# 455 feels better



## gjones (Oct 8, 2012)

IT LIVES!!!! Took the '66 Lemans w/455 out for a quick burn today. She performs better than a new car!!!!! The idle is so smooth, even in drive I can set the rpms way down to like 500, and still smooth as silk! I should have known that anything with the Carter label on it would still be a performer(even at this late date). It all boiled down to overlooked idiotic rudimentary bull that should have been examined closer(who would have thought that a casting flaw in a brass block would have caused so much consternation? It's always the little things that get you!).Will take her out for a good run this weekend. That th400 feels smooth and strong, to boot! I can't wait!!!


----------



## chuckha62 (Apr 5, 2010)

gjones said:


> ...I should have known that anything with the Carter label on it would still be a performer(even at this late date).


It's actually the other way around. Edelbrock bought the rights to the Carter AFB and renamed it. If your carb still says Carter, it's an original pre-Edlebrock carburetor.
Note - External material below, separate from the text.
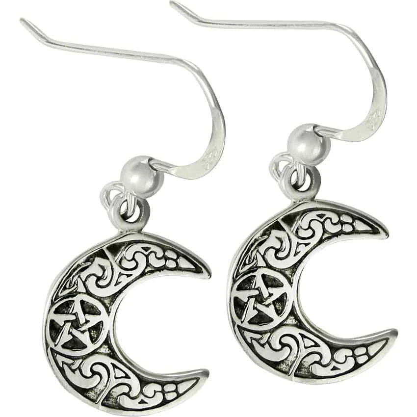 The moon is often associated with transformation, balance, and magic. Bring these elements into your own identity when you wear the Silver Horned Moon Pentagram Earrings. Gorgeous swirls decorate these sterling silver earrings. Presented in a dangle style, these Celtic moon earrings feature faux pearl accents between the crescent moon charms and the French Hook style attachments. A small pentagram is situated within the swirls engraved on each single-sided charm. Pierced ears are required to wear this style. Perfect for special occasion or everyday wear, the magic of the moon awaits you within these Silver Horned Moon Pentagram Earrings.
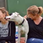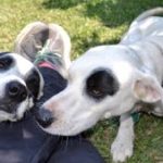He gets along with most other dogs, especially once he has gotten to know them. But he is much more interested in being with his people than with other dogs. CJ he does occasionally display some mild “person guarding” in the form of a growl toward other unknown dogs who get close when he is near his people, and doesn’t really want to share his favorite people’s laps with dogs he doesn’t know and like. He just warns the strange dogs off with a short growl.

Congrats on your progress! Isn't it amazing how these old cars ride and drive?

Chuck


----------



## gjones (Oct 8, 2012)

Yes indeed Chuck! This baby is incredibly smooth on the roadway! Had to do a few mods to get the th400 to fit this '66 properly-(shortened driveshaft 5/8", balanced, moved cross member back on frame 6", etc...)- but in the end, it was well worth the effort! I didn't really think I'd ever get to ride in a REAL car again- seemed totally out of reach. But there you have it! It's very exciting! Also, this 9635sa is a 1995 clone model carburetor, so I wasn't really sure what to expect. So far, so good!


----------



## BearGFR (Aug 25, 2008)

Awesome - congrats :cheers

Bear


----------



## ALKYGTO (Mar 29, 2010)

Beautiful Vert! Love how you've got the 455 dressed up as a lil' 326-4 lol.


----------



## gjones (Oct 8, 2012)

Sorry alky, those photos that you must have looked at were actually of the 326- I just pulled the 326 out and installed the 455 recently (by myself). Will post updated photos with the 455 soon. Thanks to all.


----------